But the Commission has left the door open to technical membership for a period shorter than the two years mentioned in the Maastricht Treaty, saying that exchange rate stability is the key. A revamped ERM is set to be launched next January.
In its definitive recommendation on economic convergence of the countries fit to join EMU in the 1999 first wave, the Commission ruled out Sweden - which has never been a member of the ERM and which has experienced major fluctuations against the ERM currencies.
But the Commission recommended that Italy and Finland, who only joined the ERM in November 1996 and October 1996 respectively, and therefore do not strictly fulfil the membership criterion, should be admitted.
Clearly the onus would still be on Britain to ensure sterling shadowed the euro after its launch and to find a way of demonstrating stability without being in the new currency grid. The Treasury repeated yesterday the insistence of Gordon Brown, the Chancellor, that Britain has "no intention" of rejoining the ERM.
That aside, the budgetary position of the UK and its performance on inflation would qualify Britain for membership.

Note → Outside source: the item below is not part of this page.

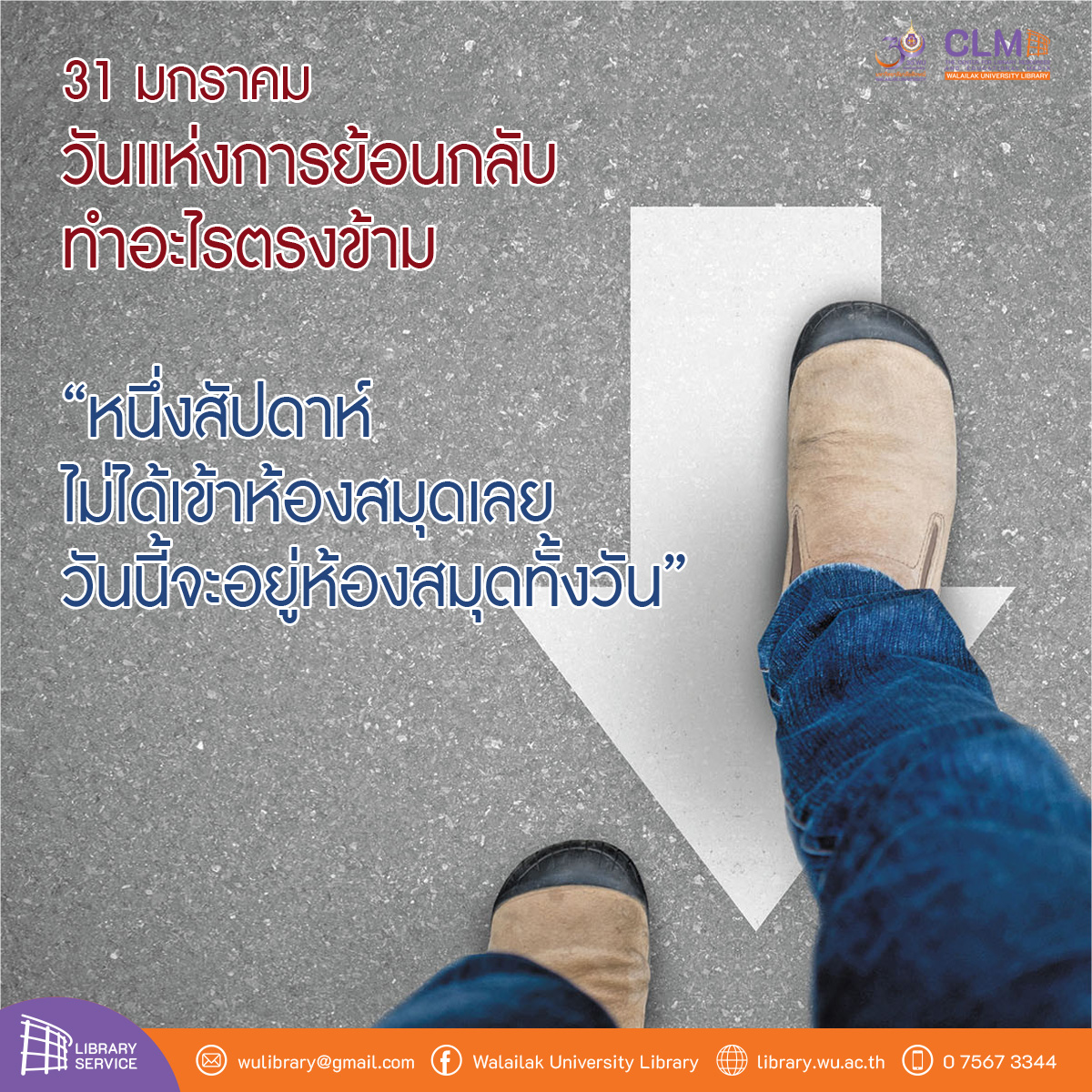 วันแห่งการย้อนกลับตรงกับวันที่ 31 ม.ค. ของทุกปี โดยเป็นวาระที่เปิดโอกาสให้ทุกคนได้ทำทุกอย่างแบบ “ย้อนกลับ” “กลับด้าน” หรือว่า “ถอยหลัง” ไม่ว่าจะเป็น เดินถอยหลัง สวมเสื้อกลับหลัง หรืออ่านหนังสือแบบย้อนกลับ หรือถ้าจะให้สุดๆ ไปเลย ลองทำทุกสิ่งย้อนหลังกลับด้านไปทั้งวัน โดยเริ่มจากนอนช่วงกลางวัน ตื่นตอนเย็นแล้วเริ่มต้นทำงาน รับประทานอาหารเย็นเป็นมื้อแรกแล้วปิดท้ายวันในมื้อเช้าของอีกวัน กล่าวทักทายว่า “ลาก่อน” และลาด้วยคำว่า “สวัสดี” แต่ทั้งนี้และทั้งนั้นต้องคำนึงถึงความเหมาะสมและไม่กระทบต่อหน้าที่การงานด้วยนะ31 มกราคม วันแห่งการย้อนกลับ (Backward Day)

The Commission's spring economic forecasts also show Government borrowing as a percentage of gross domestic product is expected to fall this year to 0.6 per cent, down from 1.9 per cent in 1997, due to the windfall tax on the profits of privatised utilities.
The Commission forecasts the deficit will fall again in 1999 to 0.3 per cent. It warns that because the bulk of the revenue from the windfall tax will not be spent until after 1998, the positive effect on the deficit will begin to unwind as revenues are spent.
Britain is one of only four members whose debt is below the 60 per cent of GDP target set by the treaty. The spring forecasts put the British debt to GDP ratio at 52.3 per cent this year falling to 50.9 per cent next year.